Some banks have decreased MCLR rates by 5-15 bps in March-May 2019. With deposit rates stable, a swift rise in MCLR rates is less likely

Deposit rates have remained stable in recent times as banks have found it challenging to pass through rate cuts given their tight liquidity conditions.

As per RBI’s release on system-wide lending and deposit rates, fresh lending rates increased 10 bps mom in May 2019 to 9.9% led by a 20 bps increase for private banks. Term deposits have stabilised around 6.9%. Gap between outstanding loan and fresh loan rates was down 10 bps mom at 55 bps. With decrease in repo rate by 25 bps in April/May 2019 and drop in MCLR rates by some banks in June/July 2019, lending rates are yet to soften to reflect translation of repo to lending yields.

As per the latest RBI data, term deposit rates were broadly flat mom in May 2019 at 6.9% (up 15 bps y-o-y). Term deposit rates had seen strong upward movement from November 2017 to March 2018 by 20 bps to 6.7% but were flat thereafter with a marginal 15 bps rise until September 2018 to 6.8% and additional 10 bps over 3QFY19.

Wholesale deposit cost (as measured by CD rates) was flat mom in July 2019 after declining by 45bps in 1QFY20. Average term deposit rates are broadly similar to term deposit rates (1-2 years) offered by most banks today; slightly lower than rates offered by SFBs.
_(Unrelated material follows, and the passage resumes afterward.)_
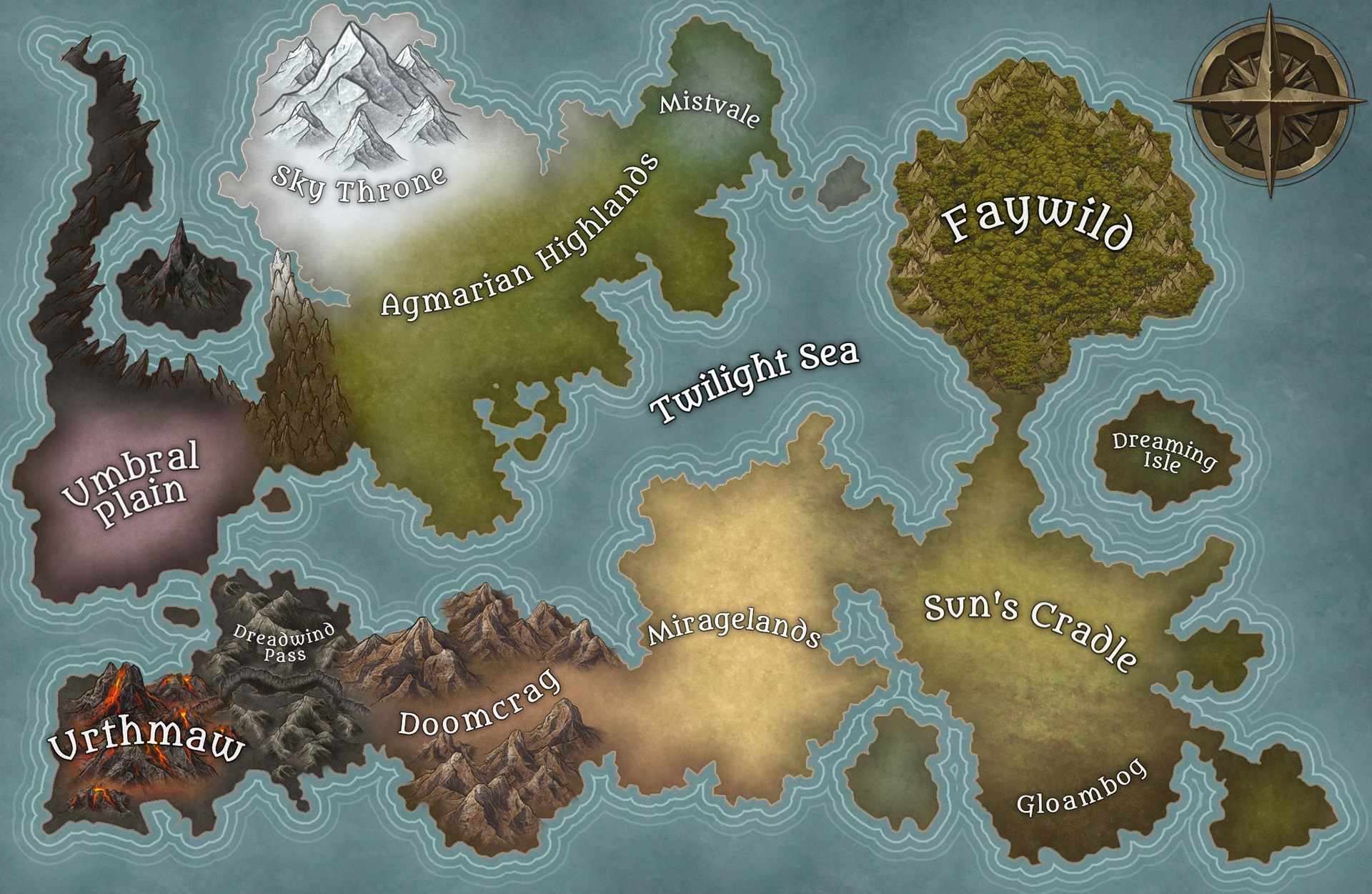 created using adobe photoshop, indesign, inkarnate map maker

Deposit rates have remained stable in recent times as banks have found it challenging to pass through rate cuts given their tight liquidity conditions.

With sticky deposit rates, the translation of repo cuts to loans is still not visible. Fresh lending rates increased 10 bps mom in May 2019 to 9.9%, suggesting there is still pricing power with banks as loan mix appears to be unchanged.

This was driven by 20 bps mom increase in fresh lending rates of private banks to 10.6% while it dropped 5 bps mom for PSU banks to 9.3%. Weighted average lending rates were flat mom (up 15 bps yoy) at 10.4%; broadly flat over the past nine months. Increase in MCLR rates slowed down in 4QFY19 post robust increase during May-September 2018 (Exhibits 4 and 5).

Some banks have decreased MCLR rates by 5-15 bps in March-May 2019. With deposit rates stable, a swift rise in MCLR rates is less likely. Additionally, focus will shift on rate of translation of decline in repo rates to lending yields.